# Assigned task:
Could you print the stretch of lines below from the one with "- 현재위치를 기준으로 한 정류장 보기" through the one with "单赛季同时达成120+三分和盖帽:大洛5次,文班2次,此外没人能多次做到。", exactly as they stand and without any pictures?

# Extracted records:
----------

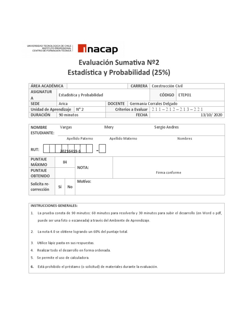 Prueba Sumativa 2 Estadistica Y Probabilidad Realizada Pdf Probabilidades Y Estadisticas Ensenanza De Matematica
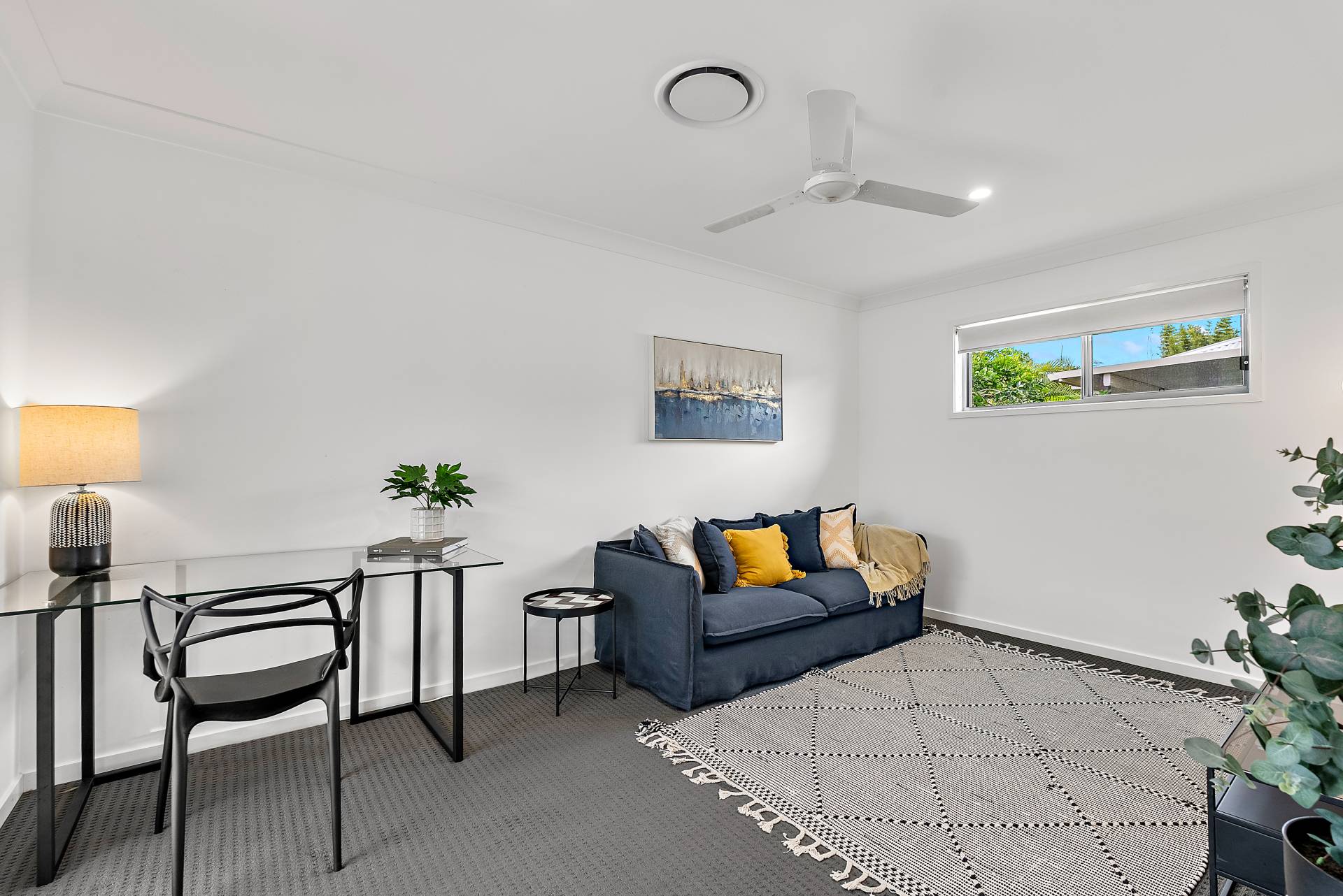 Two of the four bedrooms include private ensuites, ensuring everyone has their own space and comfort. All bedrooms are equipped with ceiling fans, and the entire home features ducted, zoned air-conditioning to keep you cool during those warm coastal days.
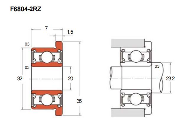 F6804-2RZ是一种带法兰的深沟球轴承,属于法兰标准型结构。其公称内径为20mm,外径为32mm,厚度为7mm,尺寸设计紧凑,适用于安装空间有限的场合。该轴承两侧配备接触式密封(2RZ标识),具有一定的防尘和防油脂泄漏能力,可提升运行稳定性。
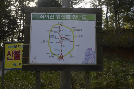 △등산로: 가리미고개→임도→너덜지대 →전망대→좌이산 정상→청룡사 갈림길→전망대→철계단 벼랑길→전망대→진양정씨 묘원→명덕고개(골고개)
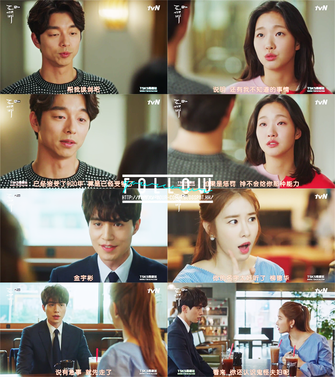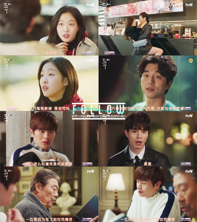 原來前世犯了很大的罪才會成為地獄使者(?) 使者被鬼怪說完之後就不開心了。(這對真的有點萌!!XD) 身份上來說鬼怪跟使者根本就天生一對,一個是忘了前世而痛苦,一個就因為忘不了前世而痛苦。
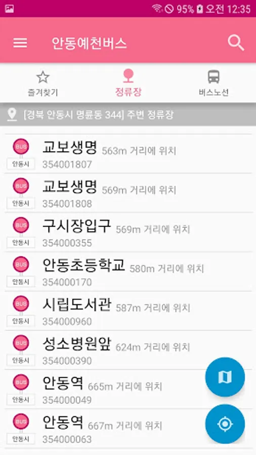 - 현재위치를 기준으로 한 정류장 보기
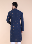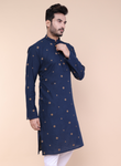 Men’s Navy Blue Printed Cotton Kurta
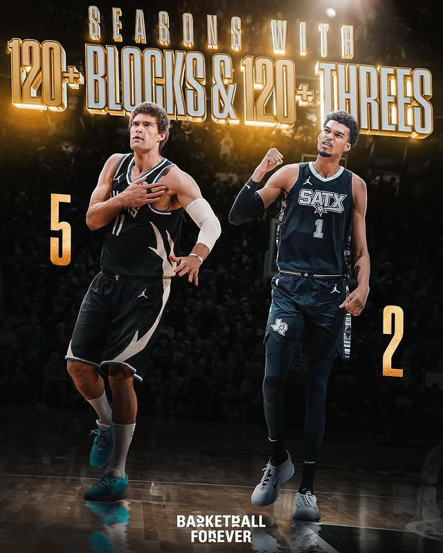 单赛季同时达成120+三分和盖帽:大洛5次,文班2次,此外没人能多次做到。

----------

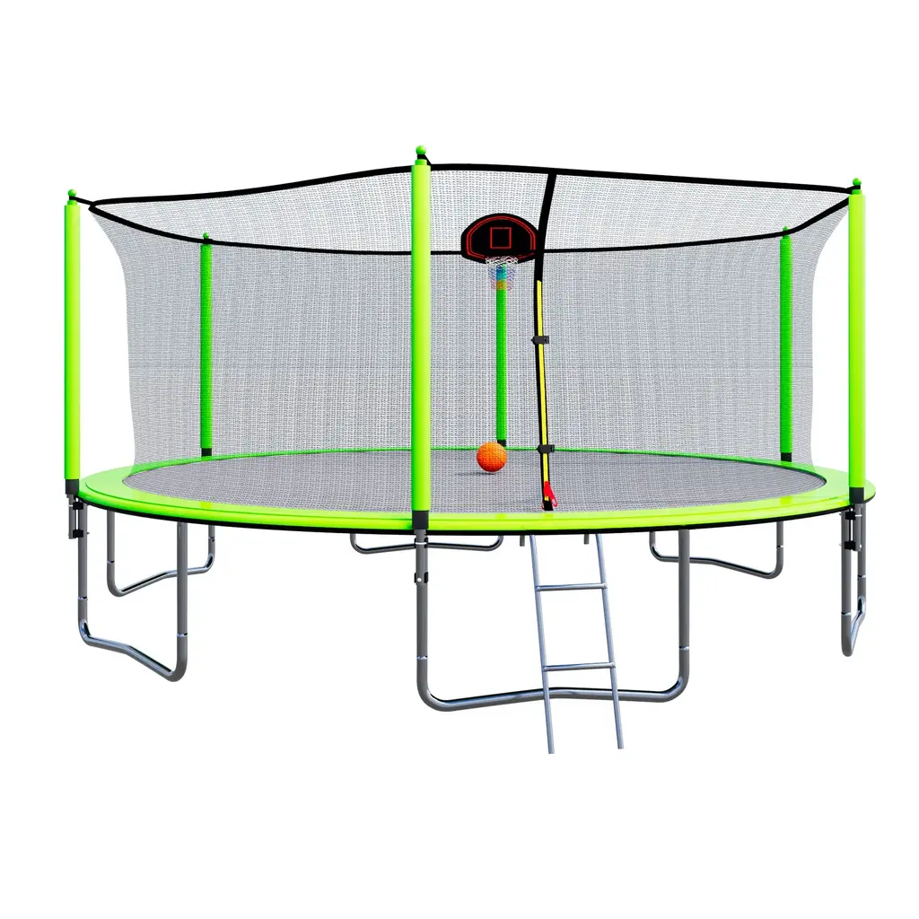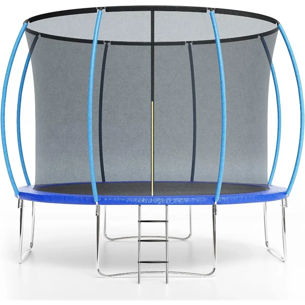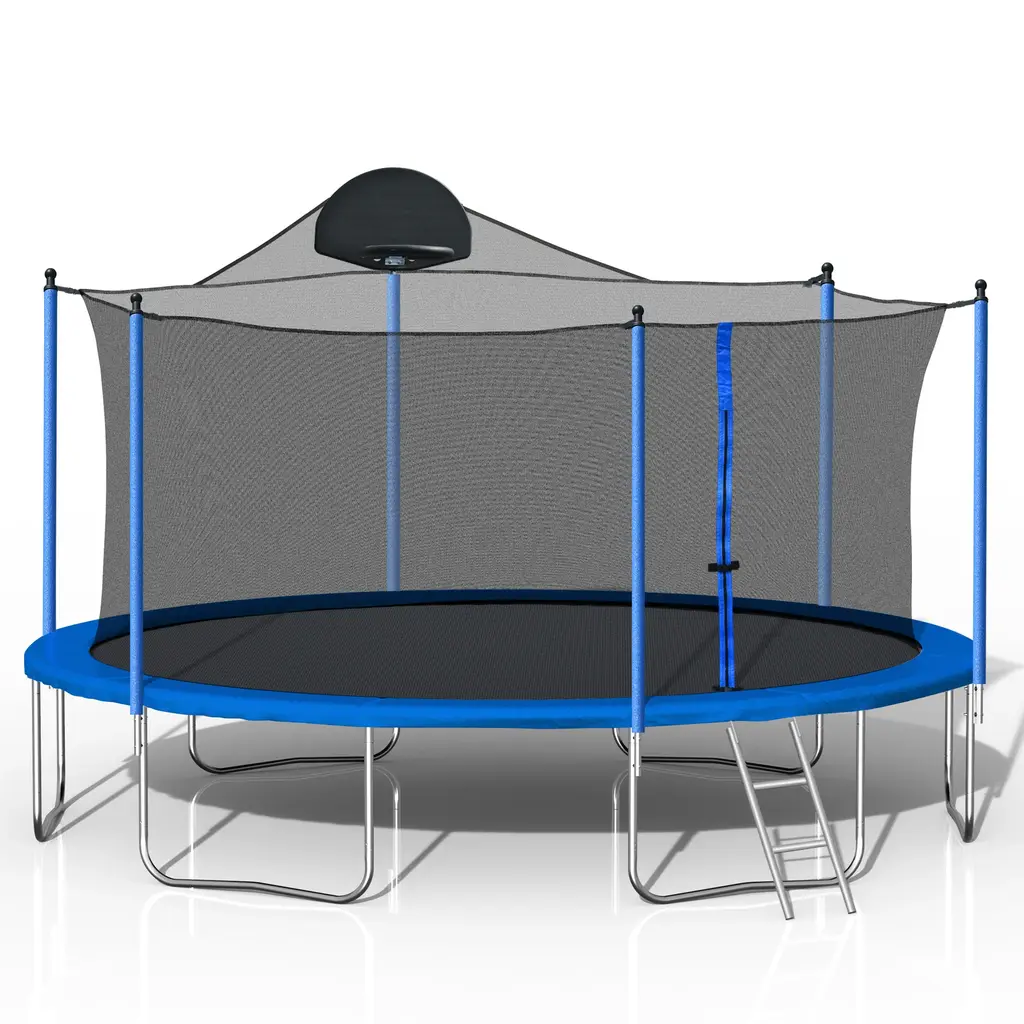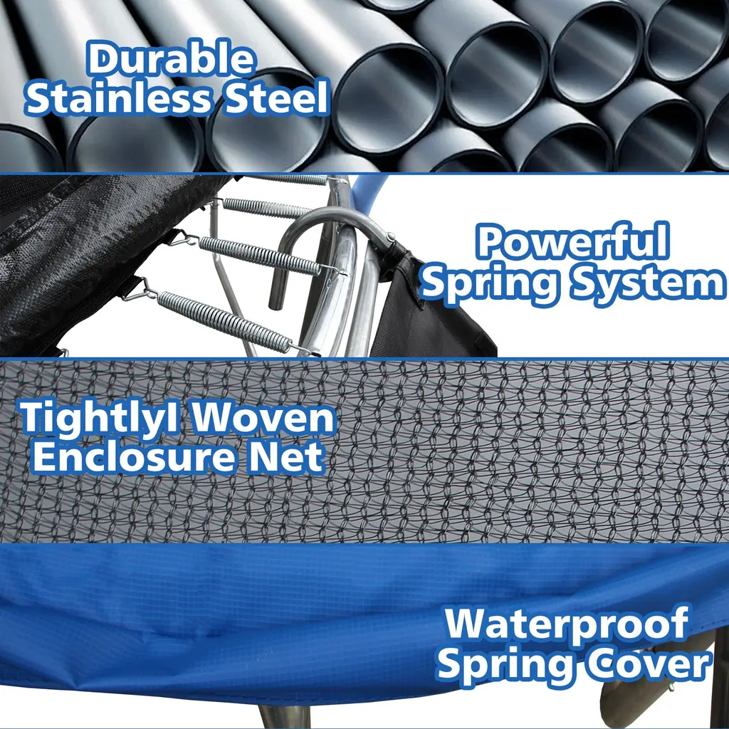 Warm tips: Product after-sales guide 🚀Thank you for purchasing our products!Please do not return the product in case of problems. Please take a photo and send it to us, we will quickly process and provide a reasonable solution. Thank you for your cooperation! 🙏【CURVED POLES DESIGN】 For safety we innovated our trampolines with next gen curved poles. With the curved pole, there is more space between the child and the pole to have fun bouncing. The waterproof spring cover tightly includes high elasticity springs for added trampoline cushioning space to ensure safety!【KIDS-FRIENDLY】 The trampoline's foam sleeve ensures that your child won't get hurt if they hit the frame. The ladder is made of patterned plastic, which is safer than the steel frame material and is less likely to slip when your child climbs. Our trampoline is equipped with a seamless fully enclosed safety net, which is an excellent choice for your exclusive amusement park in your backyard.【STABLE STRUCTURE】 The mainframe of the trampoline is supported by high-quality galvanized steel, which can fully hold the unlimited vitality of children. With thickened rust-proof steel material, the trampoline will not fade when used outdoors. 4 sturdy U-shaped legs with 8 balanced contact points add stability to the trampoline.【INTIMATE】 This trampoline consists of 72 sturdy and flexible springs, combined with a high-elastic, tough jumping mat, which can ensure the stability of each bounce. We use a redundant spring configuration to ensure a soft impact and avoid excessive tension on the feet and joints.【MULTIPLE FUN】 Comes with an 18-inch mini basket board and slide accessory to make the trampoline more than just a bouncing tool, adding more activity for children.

----------

# Output of the exercise:
 - 현재위치를 기준으로 한 정류장 보기
 Men’s Navy Blue Printed Cotton Kurta
 单赛季同时达成120+三分和盖帽:大洛5次,文班2次,此外没人能多次做到。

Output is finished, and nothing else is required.